I have been around boats most of my life but never been concerned about joining a club. I just have a few questions:
1. Do yacht clubs allow live aboard. 
2. Overall, with dues and all, is it cheaper to have a slip in a club over a municipal marina? A private marina?


----------



## Yorksailor (Oct 11, 2009)

It is rare for private clubs to have live aboards and the slips go to old members.

Municipal marina will probably be cheaper.

Phil


----------



## Don1500 (Nov 16, 2010)

That's what I thought. I was also wondering because of reciprocal agreements, but I don't think they are a good enough reason to join.

On a side note. are there any co-op marinas (real co-op where the owners are the slip owners, not some conglomerate)


----------



## CalebD (Jan 11, 2008)

Don1500 said:


> ...
> On a side note. are there any co-op marinas (real co-op where the owners are the slip owners, not some conglomerate)


I think that the answer to this question depends a lot on your location (your profile gives no hint as to where you are or where you want to keep a boat). 
Down south (Gulf coast, FL up to Chesapeake) there are some privately owned docks that you might be able to buy into. I doubt that this option would be cheap either and would likely include fees to the taxman.

We belong to a 'working' club where the members do almost all of the work to maintain the club. The dues are extremely reasonable, in part because there are no slips to maintain; all keel boats sit on owner owned moorings. Not as convenient for a live-aboard but it could be done. Since we are in the northeast the club is more or less shut down for about 6 months. I wonder if a similar kind of club exists somewhere near you (wherever that is).


----------



## Tim R. (Mar 23, 2003)

Our club is the same as Calebs.
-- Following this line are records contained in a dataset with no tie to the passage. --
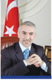
Fazlı KILIÇ Kağıthane Belediye Başkanı

Sevgili Kağıthaneliler, Mayıs ayı içerisinde de yoğun çalışmalarımıza devam ettik. Sadece ilçemizin değil, İstanbul'un en önemli mesire alanlarından olan Hasbahçe'de düzenlediğimiz Sadabad Yaz Etkinlikleri binlerce komşumuzu bir araya getirdi. Cirit, güreş, bisiklet ve uçurtma yarışmaları ile okçuluk gibi bir çok alanda düzenlediğimiz etkinlikler büyük coşku ve hoşgörüyle gerçekleşti. Cirit etkinliğimizde özellikle kadın sporcularımızın performansı vatandaşlarımızın da büyük beğenisini kazandı.
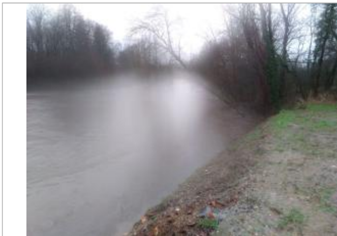
Vue rapprochée de la mesure en 2021

Altitude calculée de l'eau (en m) : 311.63 m
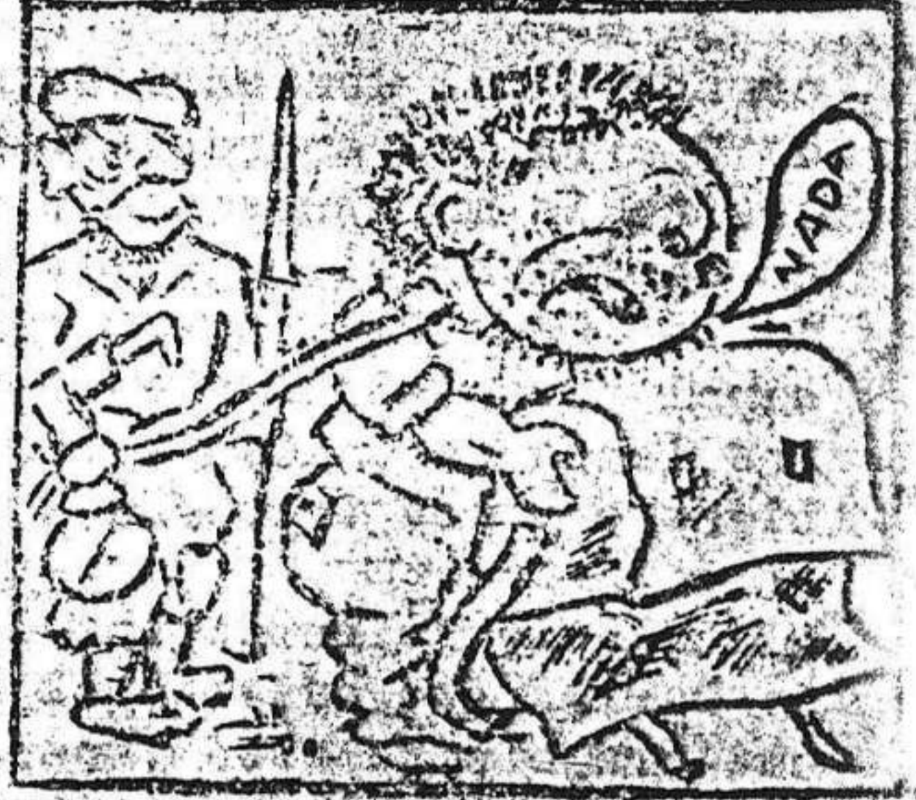
3. Y triste y desesperado, ve que nada ha quedado.
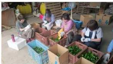
ピーマンの選果作業
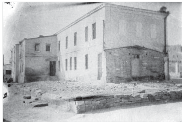
Ставрополь. Гостиница №1 (вид со двора). 26 апреля 1943 года.
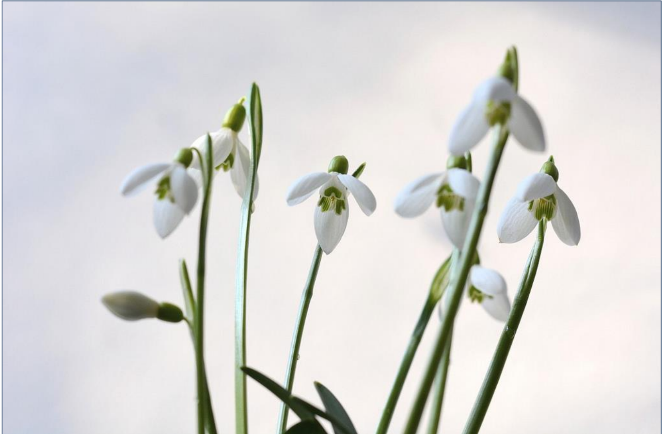
Galanthus rizehensis by J. S.
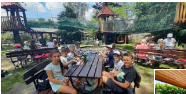
Wycieczka do Rud młodszych uczniów SP w Mszanie
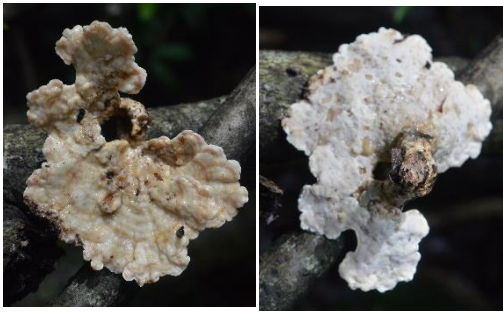
8. Stereopsis radicans

Practica pre-profesional II- Universidad Nacional de la Amazonia Peruana-Estación Biológica Kawsay
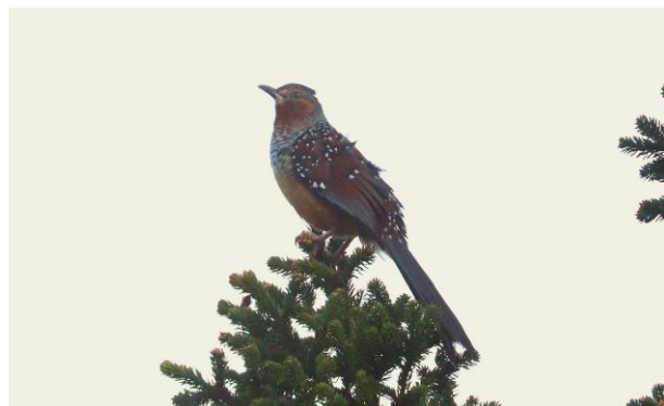
Przevalski's Pinktail en Giant Laughingtrush door Pablo Vercruyse.
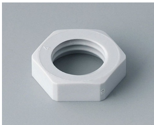
C2312117 Contre-écrou M12x1,5 PA gris clair RAL 7035
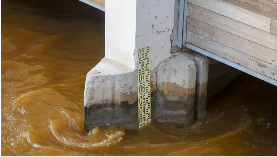
Gola del Pujol que comunica el lago con el mar FERNANDO BUSTAMANTE

se les indicaba su papel en el control de la sustracción de recursos hídricos hacia los campos. Lo cierto es que fue en 2018, en la etapa del primer Botànic, cuando desde el departamento que entonces dirigía la consellera Elena Cebrián cuando se fijaron unos niveles mínimos para l'Albufera tras varias denuncias ante la Fiscalía Provincial de València .
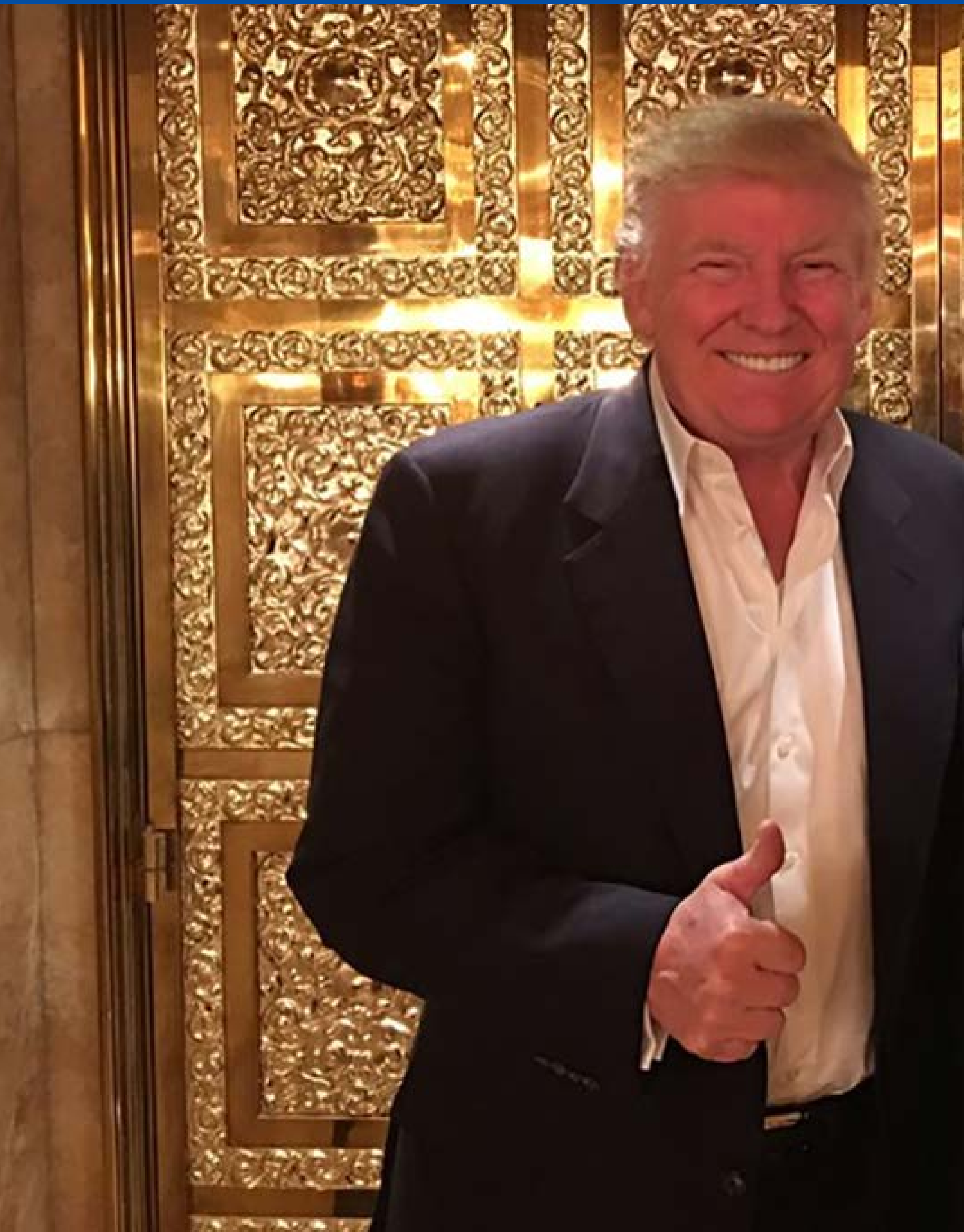
O Presidente dos EUA Donald Trump com o Líder Britânico do Brexit Nigel Farage.
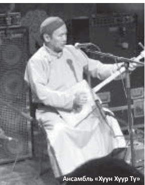
Ансамбль «Хуун Хуур Ту»

Глубинная мощь звука, словно извлекаемого из самых недр земли и вырывающегося наружу, – вот визитная карточка всемирно известного тувинского ансамбля «ХУУН ХУУР ТУ», уже
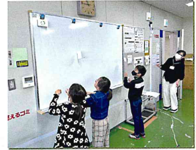
最終回での登り人形競争

親子エコ体験クラブでは、小学生と保護者が一緒に楽しみながら、工作や実験を通して環境のことを学ぶ講座として、6月から3月まで6回シリーズで実施しました。ほぼ隔月の日曜日午前というスケジュールもよかったという声が多く、親子17組の中ですべての回に参加した親子は6組でした。実施にあたって、子育て世代の推進員の協力もあり、クイズや工作、見学、実験など、すべての回が好評で、また参加したいという声も多数ありました。
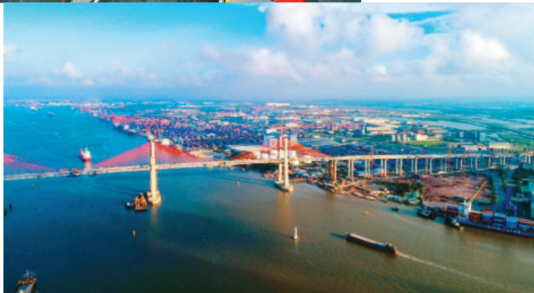
Cầu Bạch Đằng, góp phần thúc đẩy phát triển kinh tế mạnh mẽ cho thành phố Hải Phòng và tỉnh Quảng Ninh
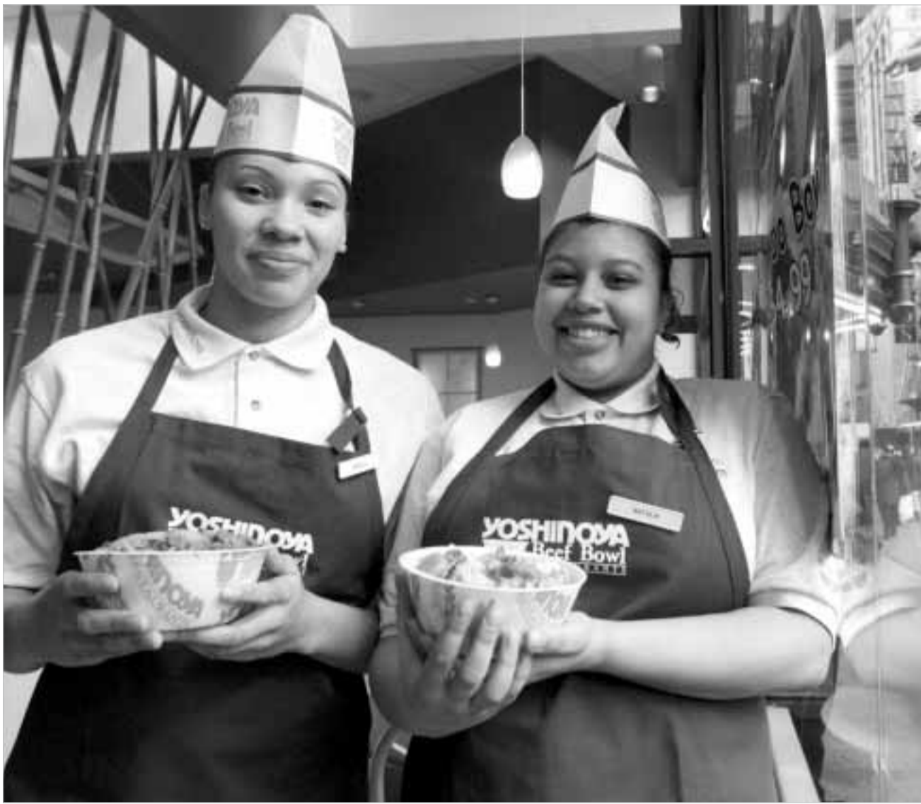
სადარ ჰაჰადა და მიხარო ორიტი

მატიას დაწყებამდე ჯერ კიდევ დრო გვაქვს, სადილობას მოვასწარმოოთ. „სუში ისაუდა“, „საკა გურა“, „კურუმა ზუში“ და კიდევ ათასი სხვა დასახელება აქამდე შესაძლოა, გსმენიათ კიდევ. მაგრამ დღეს მაინც განსაკუთრებული სადილი გვლით – იაპონური სამზარეულო იაპონიაში. ეს სულ სხვა გარემოა, რომელიც არაფრით ჰგავს ამერიკულ ან ევროპულ კონტექსტში გადასხვავებულ იაპონურ რესტორანს. არა უშავს, თუ საჩემპიონატოდ ტოკიოში ჩასულს, წესები ბოლომდე არ გესმით. სახელდახელო გაკვეთილი და დაუნერული წესები თქვენთვის: ყოველი იაპონელი გურმანი და კერძის მომზადების პროცესი მისთვის წმინდა რიტუალს ჰგავს. საუკუნეების წინ ბუდისტების მიერ ხორციელებულ დაწესებულება „სანძიციაში“ იაპონური სამზარეულო სიროზე აგებული, ვეგეტარიანული კერძებით გააშვილდა. თუმცა, ის „შონაისავა“ სამზარეულოებისგან არა იმდენად გემოთი, არამედ გარეგნობით განსხვავდება. სულ ერთია რა იქნება ეს, საკე თუ თქვენთვის უფრო „შობოლოური“ მანგოს წვენი – როცა საზოგადოებრივი
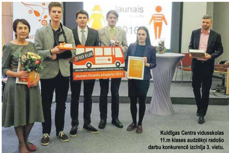
Kuldīgas Centra vidusskolas 11.m klases audzēkņi radošo darbu konkurencē izcīnīja 3. vietu.

Kuldīgas Centra vidusskolas komanda ieguvusi 3. vietu 59 komandu konkurencē pētniecisko un radošo darbu konkursā „Jaunais finanšu eksperts 2016”.
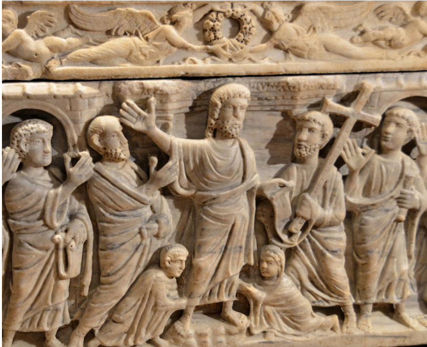
FIGURA 5.- SARCÓFAGO CON LA TRADITIO LEGIS . Catedral de Saint-Sauveur.

más adelante. La iconografía de Cristo en los sarcófagos con la Traditio Legis es muy diferente de la del Buen Pastor. El tema del Buen Pastor, imberbe y con el pelo rizado, vestido con traje corto, gozó de gran aceptación en la iconografía de Cristo, pero distinta de la seguida en el plato de Cástulo. Baste recordar los sarcófagos del Museo de Letrán 8 o el de la catedral de Tolentino, sarcófago de Flavio Julio Catervio 9 . Una pieza excepcional por su calidad artística es el Buen Pastor, imberbe y con pelo rizado, del Museo de Los Conservadores de Roma 10 . En la catacumba de Pedro y Marcelino de Roma, Cristo barbado está ya nimbado, sentado entre Pedro y Pablo, éstos sin nimbos, y barbados como siempre 11 .
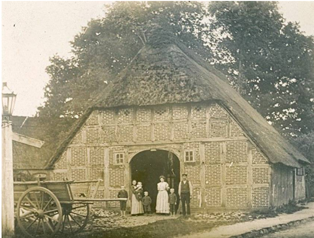
Die "Bärenschenke" um 1920.

Datum Personen / Ereignisse geboren/getauft verstorben/beerdigt
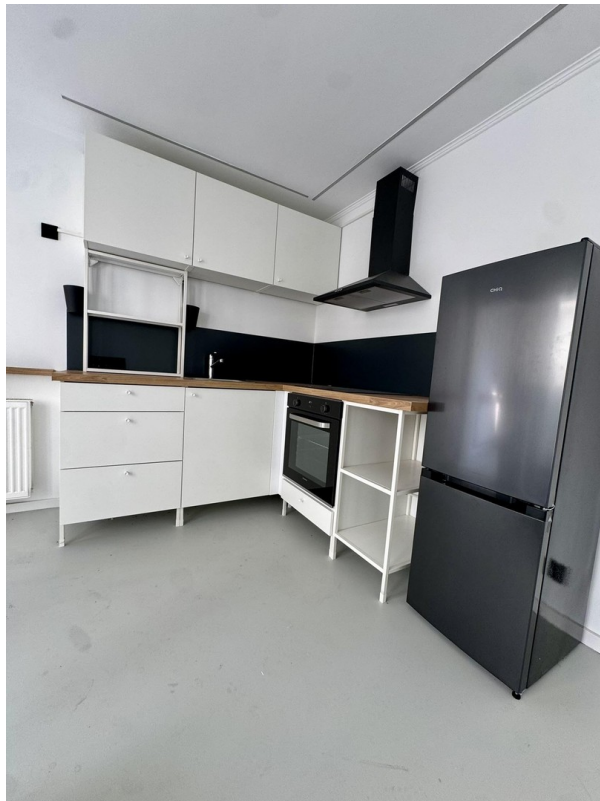
Moderne EBK mit Geräten
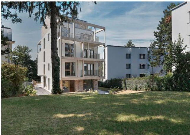
Greenhill Suites | Fassade
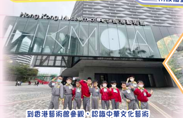
到香港藝術館參觀，認識中華文化藝術
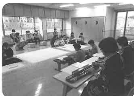
大正琴発表 あいあいホール
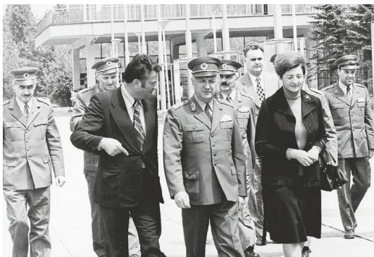
Belgrado, 1966: mia madre durante la visita della delegazione bulgara.

Ho saputo inoltre che era stato mio padre a scegliere il mio nome, in omaggio a una soldatessa russa di cui si era innamorato durante la guerra; una granata l'aveva fatta in mille pezzi davanti ai suoi occhi. Mia madre mal sopportava quella forma di nostalgia – e, per un'applicazione della proprietà transitiva, penso che mal sopportasse anche me.
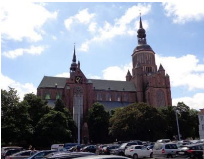
Domkirken i Stralsund
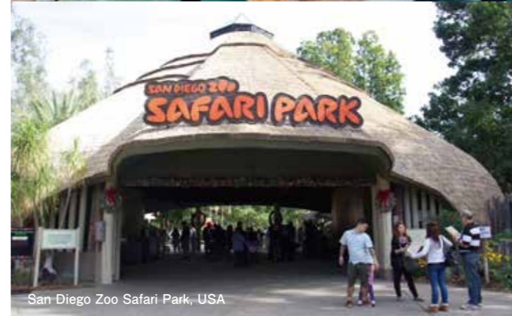
San Diego Zoo Safari Park, USA
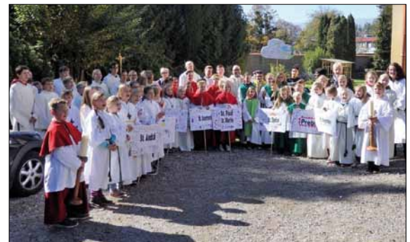
Ministrantentreffen 2017 im Haus St. Benedikt
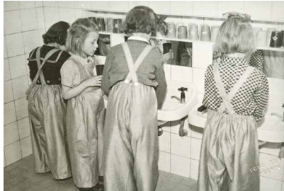
Pozná se některá z čtenářek na této fotografii, jež jako by vypadla ze sloganu Čistota - půl zdraví?

Nejen tyto, ale desítky dalších fotografií si budete mít možnost prohlédnout v obou výstavách 100letá Republika. Příběh jednoho města ve výstavních prostorách Muzea Komenského v Přerově.

We do not have any type of co-op marinas in Portland but we do have some condo slips. You buy the slip but it is maintained by a condo assn. About 50k for a 40ft slip.


----------



## hellosailor (Apr 11, 2006)

"co-op marinas"
Never heard of it. Dock-o-miniums are common though. You own the bottomland under your slip, and sometimes your slip itself, and the "condominium association" owns and maintains the common property, i.e. the main docks, parking lot, buildings and other stuff.
Sometimes the ownership is outright, sometimes it is a 99-year lease...and like any other group ownership scheme, you really need to look at the complete financials for the whole group before you buy in.


----------



## boatpoker (Jul 21, 2008)

We have lived at Port Credit Yacht Club (just west of Toronto) for thirteen years. After prorating the initiation fee it became less expensive than a marina after three years.


----------



## QuickMick (Oct 15, 2009)

there are places that have a provision in the by-laws that you can only stay overnight on your boat x number of days a week, but if you are nice and not some crazed party animal it is often ignored.


----------



## Fstbttms (Feb 25, 2003)

Yorksailor said:


> It is rare for private clubs to have live aboards and the slips go to old members.


Not around here it isn't.


----------



## Fstbttms (Feb 25, 2003)

Don1500 said:


> On a side note. are there any co-op marinas (real co-op where the owners are the slip owners, not some conglomerate)


Yes.


----------



## Don1500 (Nov 16, 2010)

boatpoker said:


> We have lived at Port Credit Yacht Club (just west of Toronto) for thirteen years. After prorating the initiation fee it became less expensive than a marina after three years.


That sounds good, except for one little thing. "(just west of Toronto)", unless that's Toronto, Fla, Thanks but no thanks.



Fstbttms said:


> Quote:
> Originally Posted by Yorksailor View Post
> It is rare for private clubs to have live aboards and the slips go to old members.
> 
> Not around here it isn't.


Where is "here"? I think you're in SF Bay area, right? Not Chesapeake Bay.


----------



## Fstbttms (Feb 25, 2003)

Right off the top of my head I can think of four yacht clubs here in the SF East Bay Area with their own marinas that allow liveaboards.


----------



## QuickMick (Oct 15, 2009)

this is a decent resource to see what is close, while the links to the sites may not say 'yea or nea' to the live-a-board question, you can at least glean the contact info and give them a ring.... searchable by locale

marinas.com


----------